= Sega Swirl =

1999 video game

Swirl as it appears on Palm OS.

Sega Swirl is a puzzle video game that was created for the Dreamcast, Personal computer and Palm OS. The game was included in various demo discs released for the Dreamcast (through the Official Dreamcast Magazine (UK) and Official Dreamcast Magazine (US) magazines and on newly released consoles), and is free to download and play on the PC.

Sega Swirl was created by Scott Hawkins, while he worked at Sega. Scott Hawkins designed the game and programmed the original PC version of the game. Scott Hawkins worked with Tremor Entertainment to develop the Dreamcast version of the game.

The game presented swirls of different colors stacked upon each other. The player would try to match up as many of the same colored swirls onscreen as possible, then, when satisfied with a combo, they would press the color, making them disappear. The more swirls one can gather together, the more points earned, as well as a reward of seeing the swirls disappear in different ways. The most rewarding way to see the swirls disappear is when they all go into the air and burst with firework-like sounds and cheers. If a swirl of a certain color is alone within a stack of other colored swirls, the player actually loses points.

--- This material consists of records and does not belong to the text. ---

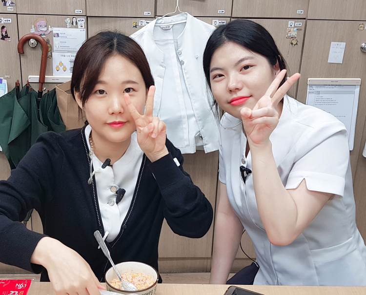 진료를 마치고 편의점에서 구입할 수 있는 재료로 음식 만들기 대회를 했습니다! 상품은 인싸가 될 수 있는 핫 한 이모티콘 ★
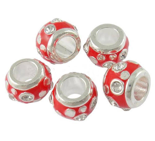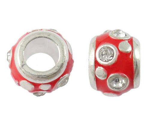 EUROPEAN STYLE - SILVER - DRUM - SPACER BEADS - RED ENAMEL WITH RHINESTONES
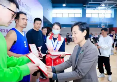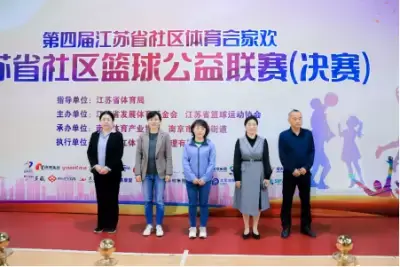 2023-03-15 8 4983月11日,由中国体育彩票资助,江苏省体育局指导,江苏省发展体育基金会和江苏省篮球运动协会主办,南京体育产业集团和南京市双闸街道承办,南京龙江体育投资管理有限公司执行的“第四届江苏省社区体育合家欢—社区篮球公益联赛(决赛)”在南京市建邺区双闸街道文化体育活动中心成功举办,江苏省体育产业指导中心副主任、江苏省发展体育基金会常务副秘书长李薇、江苏省发展体育基金会副秘书长张爱英、南京体育产业集团副总经理王璎、南京体育产业集团综合办公室主任缪晨虹、南京龙江体育投资管理有限公司董事长、总经理周培源等领导出席活动并颁奖。
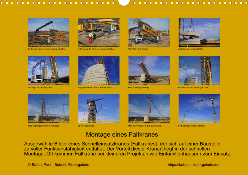 Ausgewählte Bilder eines Schnelleinsatzkranes (Faltkranes), der sich auf einer Baustelle zu voller Funktionsfähigkeit entfaltet. Der Vorteil dieser Kranart liegt in der schnellen Montage. Oft kommen Faltkräne bei kleineren Projekten wie Einfamilienhäusern zum Einsatz.
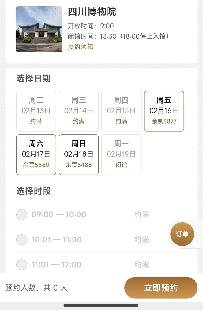 经查询发现,四川博物院2月13日-2月15日门票已约满,未预约勿前往。
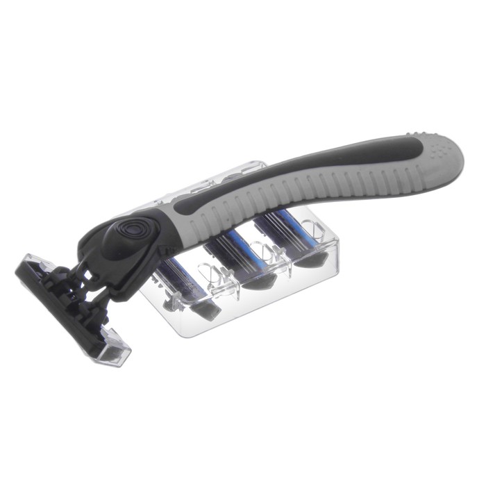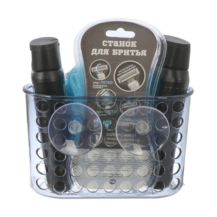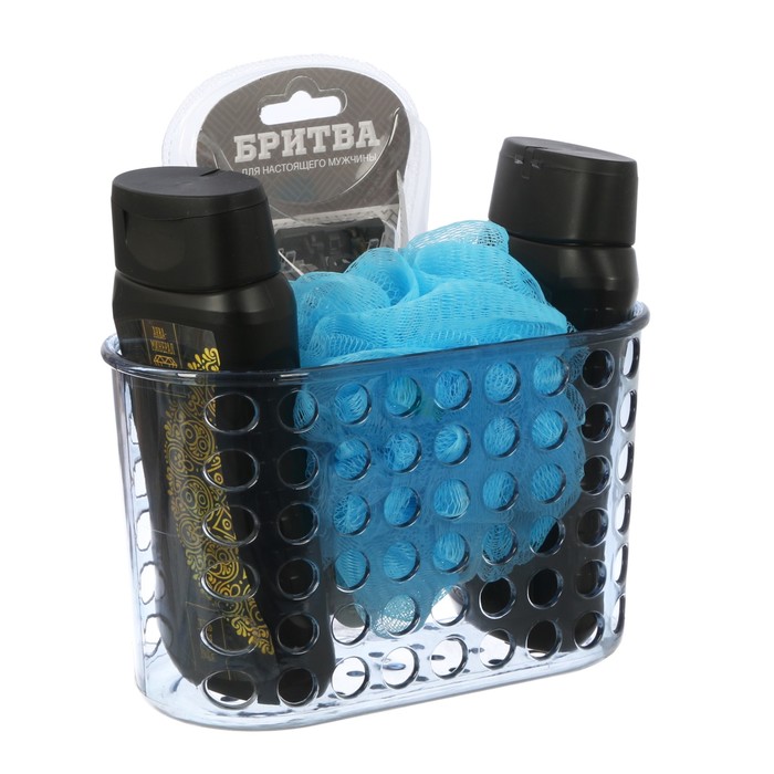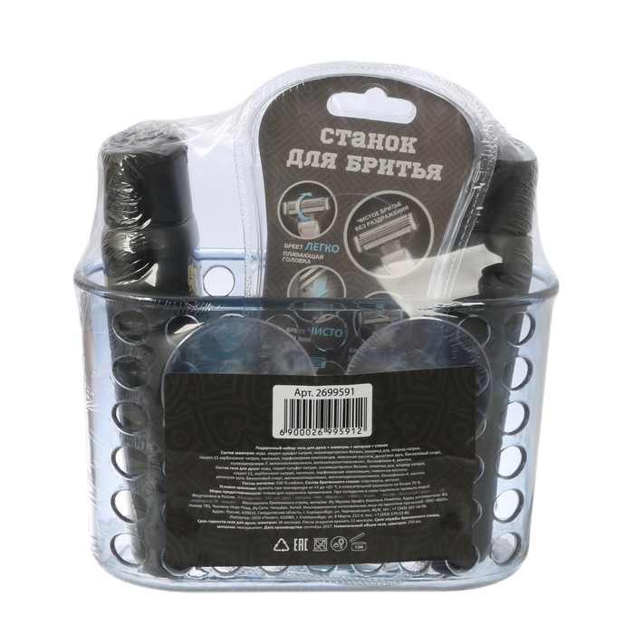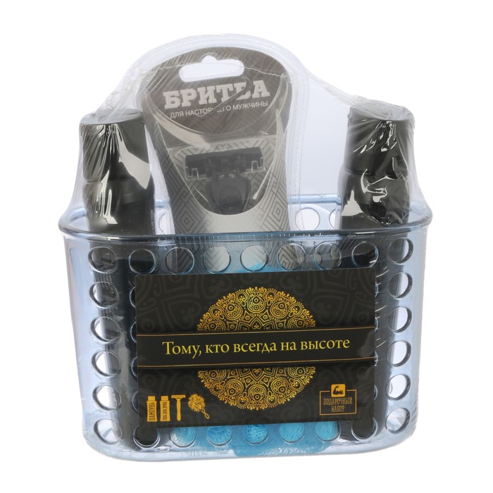 Подарочный набор "Тому, кто всегда на высоте": гель для душа, шампунь, бритва, мочалка в пластиковой подставке
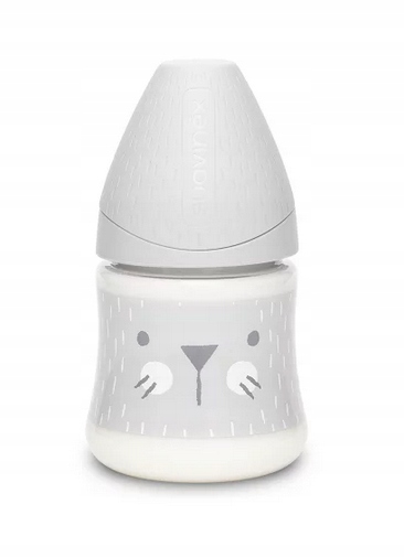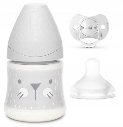 Wysokiej jakości poliamidowe butelki dla niemowląt z okrągłym, silikonowym, smoczkiem o wolnym przepływie, o pojemności 150 ml.
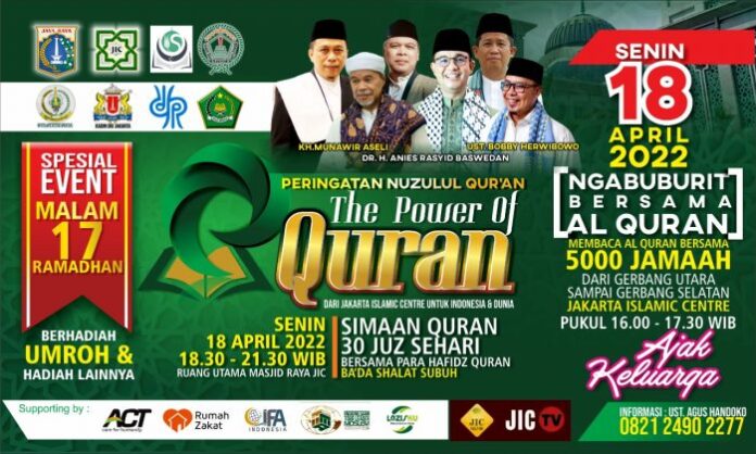 Khotmul Quran Qubro bersama para penghafal Al-Quran yang berasal dari 34 Provinsi dan 5000 jamaah lainnya dalam rangka peringatan Nuzulul Quran yang akan diselenggarakan pada:
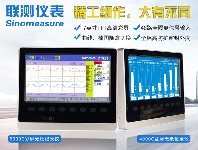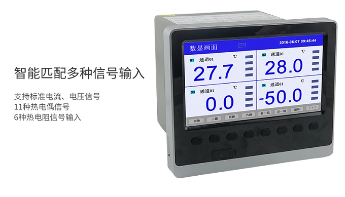 SIN-R6000C系列彩色無紙記錄儀48路多種輸入(可組態選擇輸入:標準電壓、標準電流、熱電偶、熱電阻、頻率、毫伏等)。
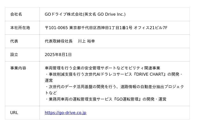 GOドライブ株式会社は、「運転」をより安全に、より便利に進化させることを目指し、車両管理を行う企業の安全管理サポートなどモビリティ関連事業を展開しています。テクノロジーの進化と使う人々の力を融合させ、より多くの交通課題を解決し、すべての人々が安心して暮らすことのできる社会の実現を目指します。
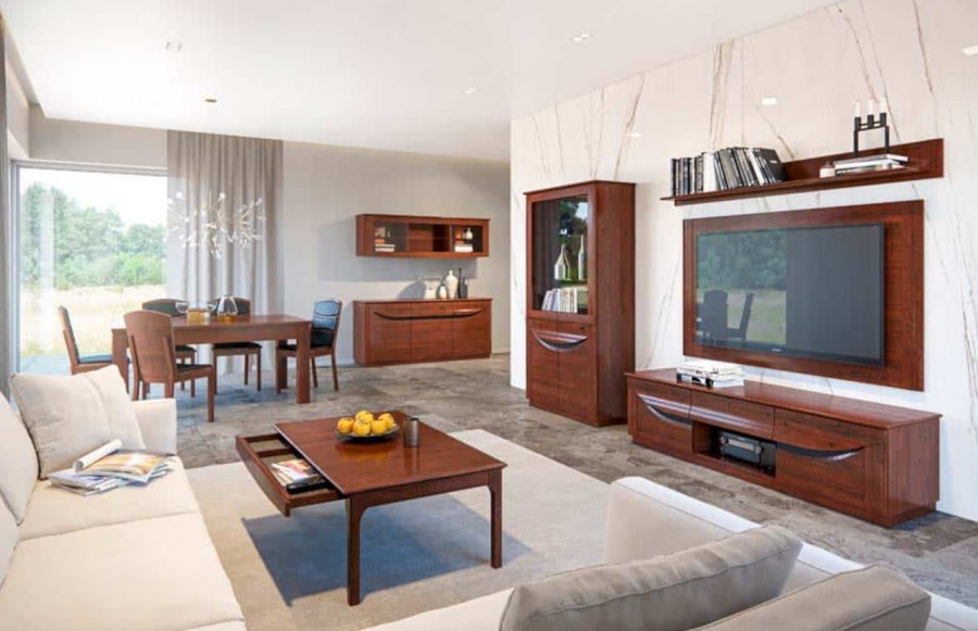 Jadalnia BARI - to kolekcja niezwykle ekskluzywnych mebli dla Twojego wnętrza. Wyjątkowe materiały, takie jak szlachetne drewno oraz naturalna okleina w kolorze dębu burgundzkiego, gwarantują najwyższą jakość i trwałość. Prosta, a jednocześnie niebanalna forma, zachwyca detalem, a wygodne rozwiązanie push-to-open oraz oświetlenie LED tworzą receptę na nowoczesne i harmonijne zaaranżowanie jadalni. Kolekcja mebli BARI to połączenie elegancji, stylu oraz nieograniczonych możliwości aranżacyjnych. To propozycja, która nie tylko spełni Twoje oczekiwania teraz, ale również będzie pięknie prezentować się przez lata, niezależnie od zmieniających się trendów. Kolekcja oferuje szeroki wybór brył, w tym przestronne witryny, komody, barki, szafki pod telewizor, regały oraz stoliki kawowe. Oczywiście, nie można pominąć również stołów i krzeseł, które doskonale uzupełnią Twoje wnętrze. Stoły dostępne w różnych rozmiarach i kształtach pozwalają znaleźć idealny model dopasowany do Twojej przestrzeni. Unikalne wzory stolików kawowych dodają odrobinę kreatywności do Twojej przestrzeni życiowej, tworząc wyjątkową atmosferę. Witryny i komody zostały zaprojektowane z myślą o praktycznym przechowywaniu niezbędnych artykułów spożywczych. Dzięki bogatej ofercie kolekcji, mamy możliwość swobodnego zestawiania elementów tak, aby stworzyć idealną aranżację jadalni, optymalnie wykorzystując dostępną przestrzeń. Kolekcja BARI to gwarancja funkcjonalności, nowoczesnego designu i wyjątkowej atmosfery w Twoim wnętrzu.
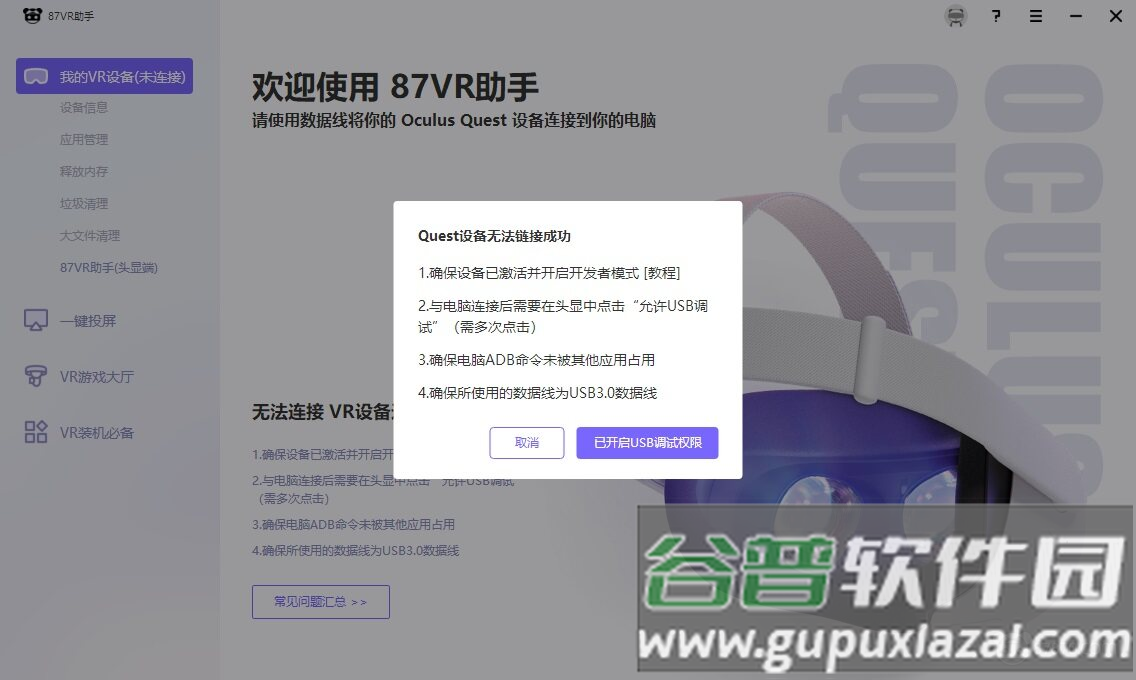 二、使用USB 3.0及以上数据线将Quest2连接至电脑;

The Dreamcast version featured a snake in the bottom right corner of the screen, who would act pleased when the player did well and shook his head when they did poorly. If the player did nothing for an extended length of time, the snake would stare at them and then gesture to the left, towards the playfield.

On the Dreamcast, it could be played on Versus mode (players compete with one swirl screen) with up to four players, an email mode (if you used the Dreamcast modem), and it also allowed split screen (four players with their own swirl playfields). On the PC, split screen is not available, and verses is up to two players. Both versions allowed one to compete with another human player via email (Dreamcast players may also play against PC players through this).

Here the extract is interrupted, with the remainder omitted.